A hash function is an algorithm that maps data of variable length to data of fixed length. The values returned by hash functions are called hash values, hash codes, hash sums, check sums or simply hashes.

Java hashcode() method does the same, but there are some other points to be considered while studying hashcodes.

  1. Hashcodes are typically used to enhance the performance of large collections of data.
  2. Collections such as HashSet and HashMap use the hashcode of an object to determine how exactly an object should be stored in the collection.
  3. When an object is to be searched from collections that use hashcodes, object’s hashcode is calculated first and with the help of it, object is retrieved.

Let us first understand what exactly are hashcodes.
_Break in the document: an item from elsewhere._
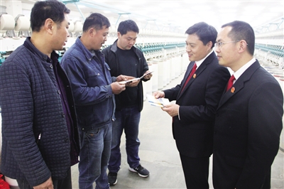 4月23日,唐河县人民法院桐寨铺法庭的法官们赶到辖区皓晟棉业有限公司进行普法宣传,向工人们发放普法维权手册,并现场解答劳动合同签订、工资讨要、工伤维权、社会保险缴纳等问题。

Consider the scenario in which we want to store multiple strings in a collection, say we are storing it in HashSet.

  • We will number all the letters from 1 to 26 i.e a = 1, b = 2, c = 3 and so on till z = 26.
  • Our hash function is such that it returns the sum of the value of string

e.g. Say we have three names, dave, matt and vade. We will calculate the hashcodes of these two names using our hash function.

For dave,  d=4, a = 1, v = 22 and e = 5 so dave = 4 + 1 + 22 + 5 = 32.

For matt,  m  = 13, a = 1,  t = 20 and t = 20 so matt = 13 + 1 + 20 + 20 = 54.

For vade, v =22, a = 1, d = 4 and e = 5 so vade = 22 + 1 + 4 + 5 = 32.

Now consider another name is added to our set, this time same one e.g. dave again. Now there are two equals names in our collection. For this newly added,

For dave,  d=4, a = 1, v = 22 and e = 5 so dave = 4 + 1 + 22 + 5 = 32.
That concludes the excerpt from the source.